- The Digital Chamber filed a second amicus brief in New York Supreme Court opposing a lawsuit claiming ownership of Satoshi Nakamoto’s dormant Bitcoin holdings.
- The lawsuit targets 39,069 Bitcoin addresses holding approximately 3.8 million BTC, worth over $240 billion at current prices.
- A real defendant, “John Doe 33,” has stepped forward claiming ownership of one of the addresses and seeking dismissal of the entire case.
- A New York Supreme Court judge has stayed proceedings pending a July 14 hearing.
A second amicus brief has been filed in New York Supreme Court opposing “Noah Doe’s” bid to claim ownership over Satoshi Nakamoto’s 3.8 million dormant Bitcoin holdings as “abandoned property.” The blockchain trade association Digital Chamber filed the brief with support from consulting firm CahillNXT and Brown Rudnick attorney Stephen Palley, according to a court filing.

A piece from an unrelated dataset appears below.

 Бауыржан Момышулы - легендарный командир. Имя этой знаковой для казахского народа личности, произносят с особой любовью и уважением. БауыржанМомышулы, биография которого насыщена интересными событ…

The lawsuit, originally filed in March 2026 and expanded in May, covers 39,069 Bitcoin addresses holding roughly 3.8 million BTC. The list includes addresses tied to Satoshi Nakamoto’s early mining activity, identified through the Patoshi nonce pattern, along with an address linked to the 2011 Mt. Gox hack.

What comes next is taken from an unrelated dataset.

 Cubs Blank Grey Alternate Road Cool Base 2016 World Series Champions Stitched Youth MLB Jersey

The plaintiffs structured the claim to fit within New York’s lost-property statute threshold by valuing each wallet at under $10. At Bitcoin’s current price of around $63,200, the total stash is worth over $240 billion.

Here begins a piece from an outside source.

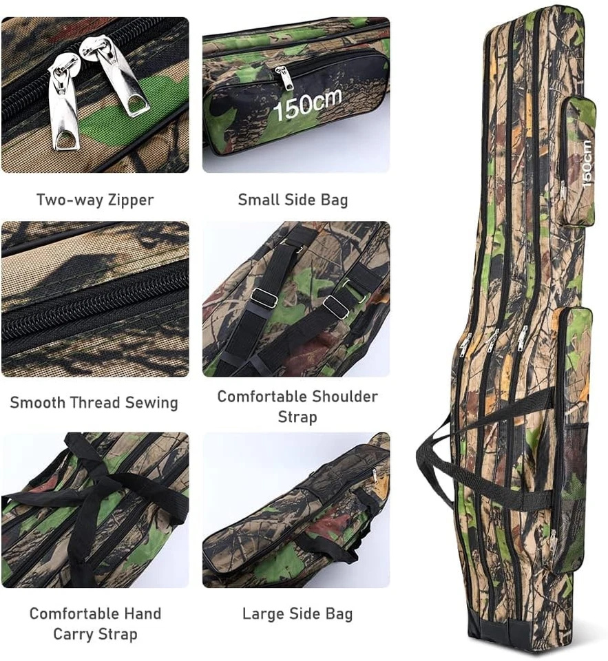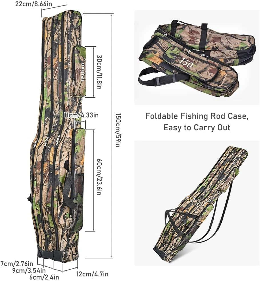 1,5 m lange, dreilagige, faltbare Angeltasche mit großem Bauch, doppelte Schultertasche für Angelruten, Outdoor-Aufbewahrungsset für Angler ⭐【Angeltasche mit großer Kapazität】 Die Größe der Angelgerätetasche beträgt 150 cm, die groß genug ist, um alle Ihre Angelgüter aufzunehmen. Es enthält 3 Hauptfächer, um Ihre Angelruten zu halten; 2 kleine Seitentaschen und 1 Netztasche können Angelschnur, Rolle, Köder, Floatbox, kleine Gegenstände und andere Angelgeräte halten. ⭐【Tragbare Angelrutentasche】 Diese 2 in 1 Angeltasche mit Handtragegurt und verstellbarem Schultergurt, der für Schulter- und Handtragen geeignet ist. Darüber hinaus ist diese Angeltasche faltbar, sie kann bequem in Ihrem Rucksack oder Ihrer Aufbewahrungsbox aufbewahrt werden, was uns hilft, Platz zu sparen. ⭐【Langlebig und wasserdicht】 Die Angelrutentasche besteht aus 600D Polyester Oxford Gewebe, es ist reißfest und abriebfest. Interne wasserdichte Beschichtung kann Regentropfen und Meerwasser standhalten, was Ihr Angelgerät trocken hält. Zartes und geschmeidiges Nähhandwerk verleiht seiner Haltbarkeit und Schönheit außerordentlich. ⭐【Einfacher Zugriff und Organisation】 Der Angelrucksack verfügt über einen doppelt verriegelnden Verschluss und ein weit öffnendes Design, mit dem Sie bequem auf Angelausrüstungszubehör zugreifen, es aufbewahren und organisieren können. Diese Reißverschlüsse sind glatt und robust, wodurch Sie Fächer leicht öffnen und schließen können. ⭐【Ideale Wahl für Angelliebhaber】 Angelgerätetasche kann auf dem Boot, Seeufer, Flussufer und Meer weit verbreitet sein. Es ist ein professionelles Angelgeschenk für Papa, Opa und Freunde, die Angelliebhaber sind. Es ist auch eine gute Wahl für Geburtstag, Weihnachten und andere Feiertage. • •

A first amicus brief was filed on May 29 by attorney Ian Cohen, seeking to “educate” the court on the “inadequacies” of the plaintiffs’ arguments. That filing pushed back on the claim that long-dormant Bitcoin addresses can be treated as lost or abandoned property under New York law.
Last week, a person claiming to actually own coins named in the suit filed to enter as a genuine defendant. The filer, going by “John Doe 33,” submitted the case’s first motion to dismiss pro se, arguing the entire case should be voided outright.
The filing described the respondent as “a real human being,” not “any form of inanimate data,” a direct rebuttal to the idea that a blockchain address alone can be treated as a party to litigation. In June, a New York Supreme Court judge stayed all proceedings ahead of a July 14 hearing, which is now less than a week away.